Мария покачала головой и снова улыбнулась.

– М-м-м-м… – тихонько промычала она с загадочной миной на лице.

Я схватил ее за плечи:

– Говори же, черт возьми!

Веки ее почти совсем закрылись.

Я слегка встряхнул ее:

– Эй, Мария! Ты что, можешь еще что-то сказать об этом парне?

Она широко распахнула глаза.

– Если хочешь, можешь звать меня Лулу, – сказала она, и взгляд ее опять поплыл.

– Ну же, хоть что-нибудь!

Я встряхнул ее чуть сильнее. Глаза Марии раскрылись, и в них появилось обиженное выражение.

– Ты видела что-то еще?

– Там был…

– Что?!

– Там был ключ, – заплетающимся языком пробормотала она. – Когда он доставал из кармана конверт… он уронил карту-ключ… номер восемьдесят семь…

– Из того же отеля?

Мария сперва кивнула, затем отрицательно покачала головой.

– Нет, не «Мариеборг», – сказала она. – «БункИнн».

– Точно отель «БункИнн», ты уверена?

Она несколько раз медленно кивнула, и с каждым кивком глаза ее закрывались все больше и больше.
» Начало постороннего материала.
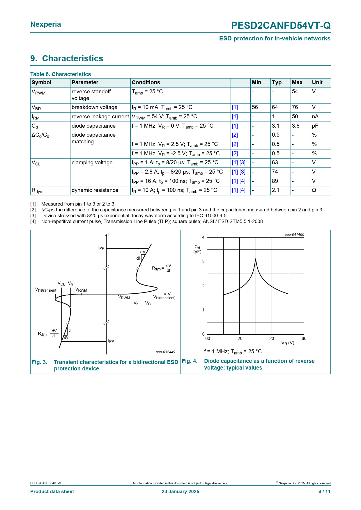 | Pages / Page | 11 / 4 — Nexperia. PESD2CANFD54VT-Q. ESD protection for in-vehicle networks. 9. … |

Наконец она замерла, уронив голову на грудь. Я в очередной раз потряс девушку, однако она никак не реагировала. На губах ее замерла легкая улыбка, а сама она растеклась по сиденью так, будто стремилась полностью слиться с ним.

Я отодвинулся от Марии и задумчиво посмотрел на нее. Что теперь? Высадить ее или все же подождать? Услышанное позволяло мне двигаться дальше, но, может, ей известно еще что-нибудь? Да и можно ли вообще полагаться на ее память?
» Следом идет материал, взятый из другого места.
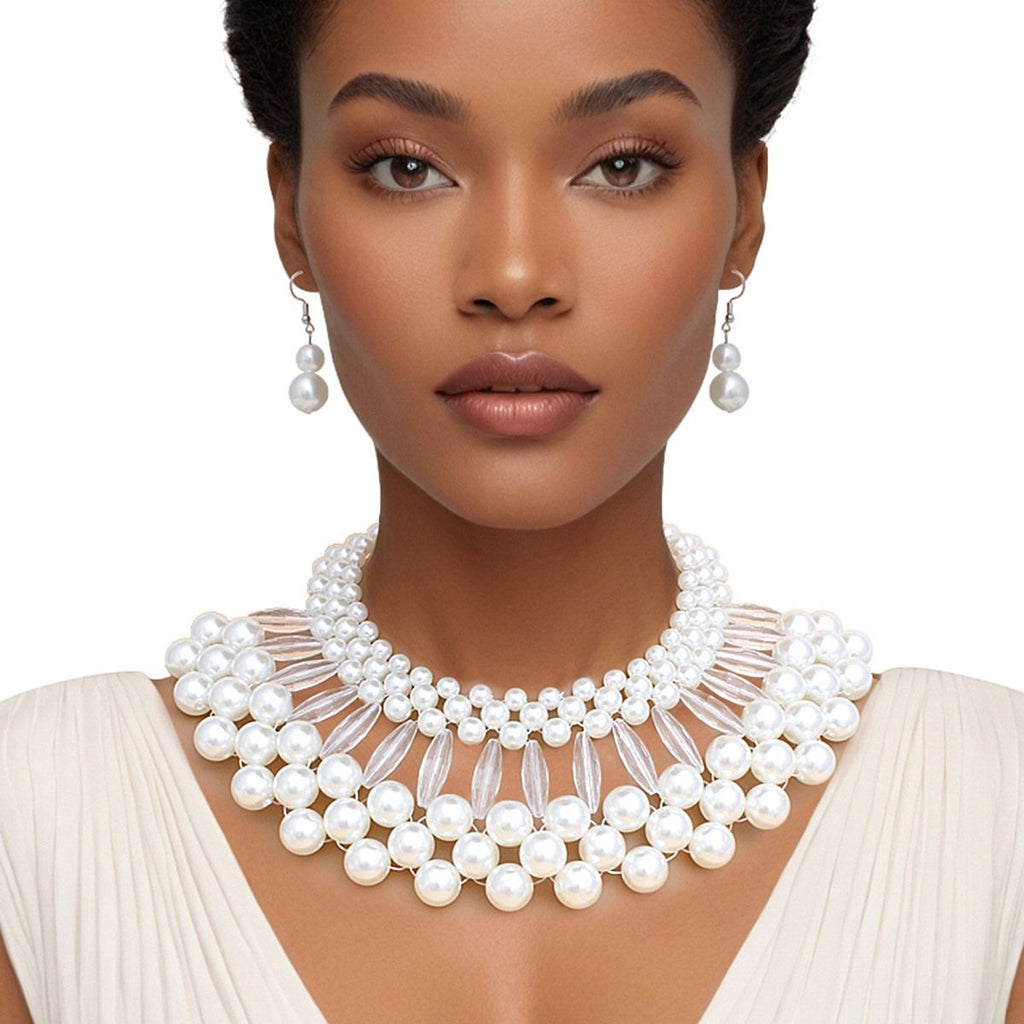 Women's Bib Collar Necklace Set. Vintage Style Acrylic White Pearl Woven Neckline Collar Necklace Featuring Oblong Clear Acrylic Bead and Woven Medium White Pearl Bib Detail. Neckline Woven Pearls Measure 1.85" wide. Full Bib Measures 3" x 10.75". Silver Metal Lobster Clasp Closure. Includes Matching Fish Hook Double Pearl Drop Earrings.

Сидя на переднем сиденье моей машины с закрытыми глазами, Мария выглядела спокойной и умиротворенной. Несмотря на то что в связи с написанием «Что посеешь» мне приходилось изучать будни обитателей дна датской столицы, я с трудом мог представить себе ее повседневное существование. Вполне возможно, что продажные полицейские, пистолеты и убийства являлись его неотъемлемой частью, однако в данный момент она больше всего напоминала сладко и безмятежно спящую маленькую девочку.

Я погасил свет в салоне.

Стало совсем темно, однако на фоне бокового стекла силуэт ее был виден достаточно четко. С каждой минутой становилось все холоднее. Я наклонился и попытался снова надеть на Марию ее куртку. Худенькие руки девушки были совсем ватными и никак не желали попадать в рукава. Я вдруг вспомнил о том, когда в последний раз мне доводилось кого-то одевать. Ну конечно, это было с дочками: они спали, руки и ноги у них висели, как будто лишенные суставов. В этом состоянии их – абсолютно беспомощных и трогательно доверчивых – так и хотелось взять под свое крыло, защитить, окружить вниманием и заботой.

Немного повозившись с молнией куртки, я все же сумел застегнуть ее доверху. Мария заворочалась, что-то неразборчиво пробормотала и вновь успокоилась, прислонившись головой к боковому стеклу. В глубине души во мне боролись два желания: одно – продолжать спокойно сидеть и созерцать ее сон, другое – немедленно снова начать действовать, вести свое расследование дальше. Нужную мне информацию я уже получил, а сколько времени она еще проспит – никому не известно. Нервозность моя нарастала.

Я снова завел машину и поехал обратно в направлении Истедгаде. Мария на это даже не отреагировала. Стекла начали запотевать, и мне пришлось несколько раз протирать их тряпкой, особенно лобовое, пока салон окончательно не прогрелся. Мне потребовалось проехать вдоль всей Истедгаде несколько раз, прежде чем я отыскал наконец Монику. Она как раз выходила из автомобиля – маленького красного «сеата», который тут же уехал. Покинув тесную кабину, она, расправляя затекшие мышцы, потянулась всем своим статным телом.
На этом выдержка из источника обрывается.